PART 1 - Classification of Food Poisoning Organisms by Incubation Period

Food poisoning is acute gastroenteritis caused by ingestion of food/drink contaminated with bacteria, their toxins, or chemical/biological poisons. Epidemiological hallmarks: (a) common food ingestion history, (b) many persons affected simultaneously, (c) similar signs and symptoms.

Classification by Incubation Period

(Based on Harrison's Principles of Internal Medicine 22E, Table 138-4)

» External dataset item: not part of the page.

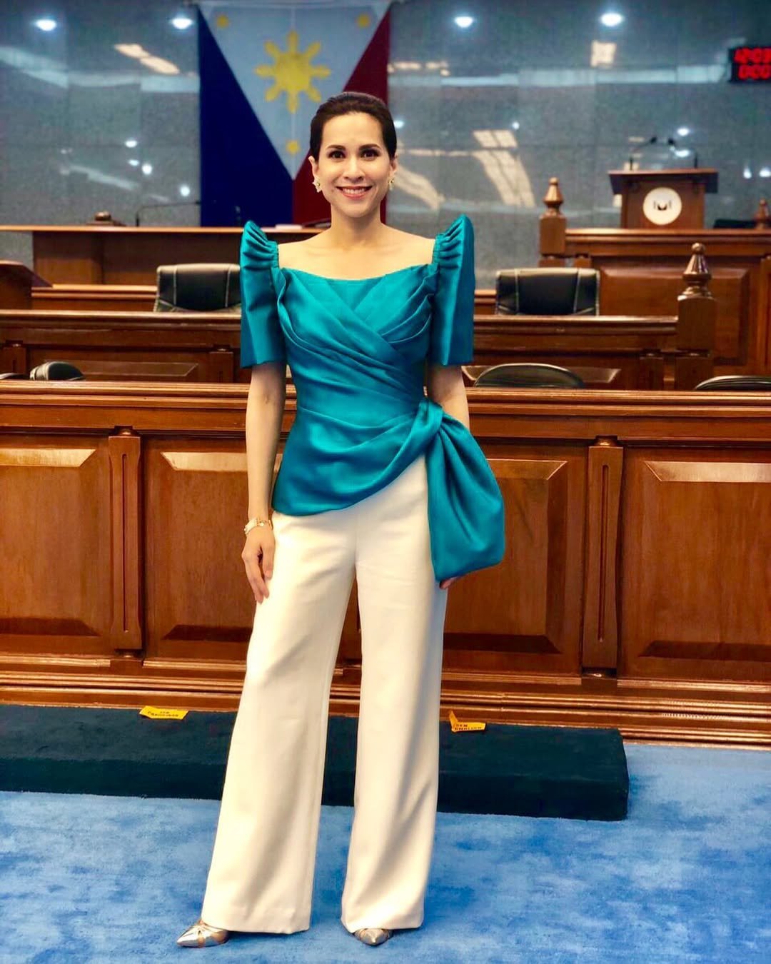 Another Michael Leyva creation is seen on the SONA red carpet. The designer gave Tootsy Angara some sleek and classy silhouettes.
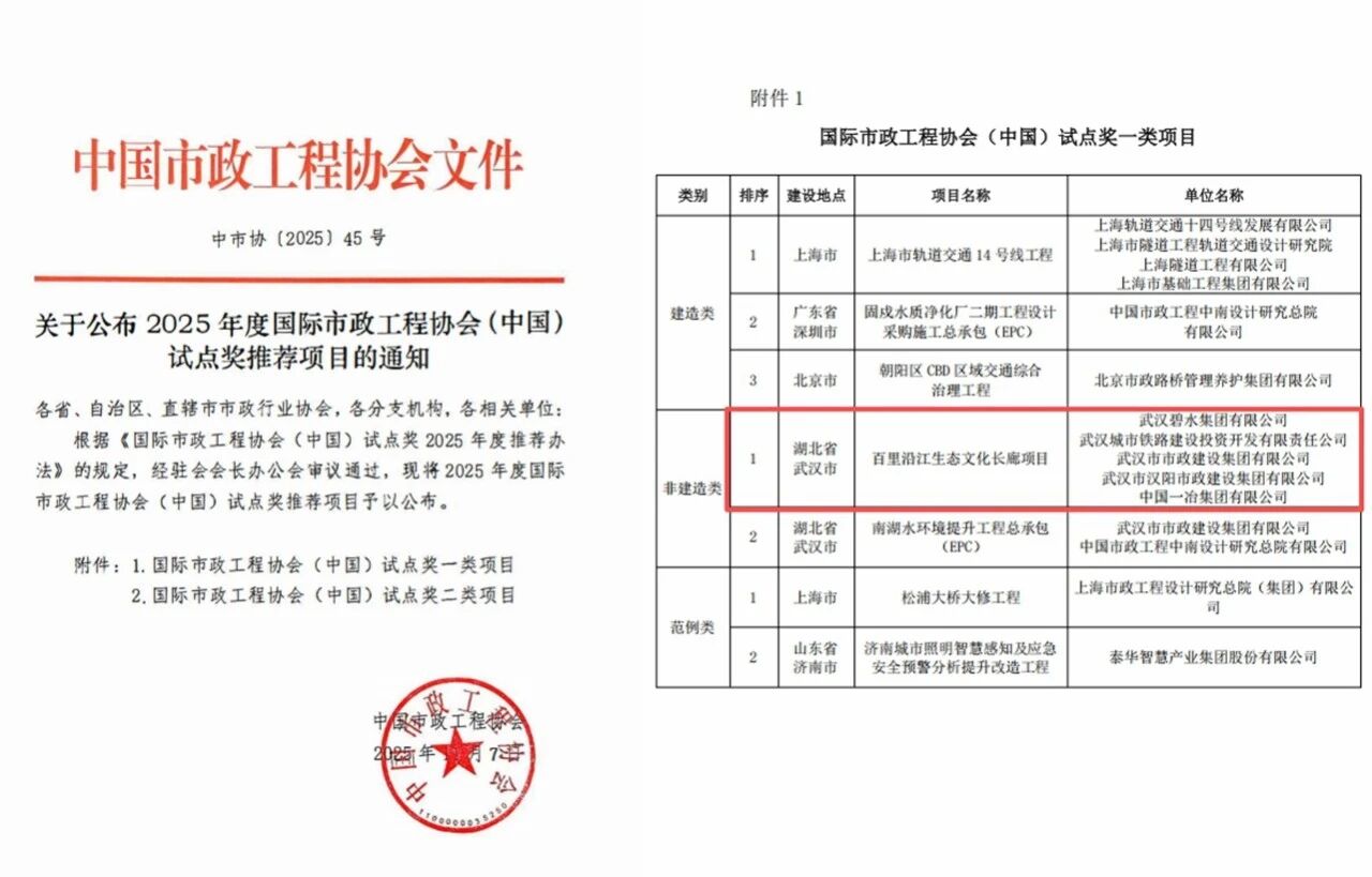 近日,從中國(guó)市政工程協(xié)會(huì)2025年年會(huì)上傳來(lái)喜訊:由中國(guó)一冶參與承建的“百里沿江生態(tài)文化長(zhǎng)廊”項(xiàng)目(包含青山江灘、漢陽(yáng)江灘、青山濕地、月亮灣陽(yáng)臺(tái)、中華路陽(yáng)臺(tái)等),憑借其在生態(tài)修復(fù)、城市更新與可持續(xù)發(fā)展方面的卓越成就,榮膺國(guó)際市政工程協(xié)會(huì)中國(guó)試點(diǎn)獎(jiǎng)一類項(xiàng)目。國(guó)際市政工程協(xié)會(huì)主席維勒·阿拉蒂波拉現(xiàn)場(chǎng)頒獎(jiǎng),標(biāo)志著武漢的這一“生態(tài)答卷”獲得國(guó)際頂尖專業(yè)組織的高度認(rèn)可。

GROUP 1 - SHORT INCUBATION (1-6 hours)

Toxin preformed in food before ingestion ("intradietetic" toxins) - disease = intoxication, NOT infection

Organism	Symptoms	Common Food Sources
Staphylococcus aureus	Nausea, profuse vomiting, diarrhea, abdominal cramps; no fever	Ham, poultry, potato/egg salad, mayonnaise, cream pastries, custards
Bacillus cereus (emetic form)	Nausea, vomiting, diarrhea	Fried rice, starchy foods

Key point: Shortest incubation because toxin is already present in food - no need to colonize the gut.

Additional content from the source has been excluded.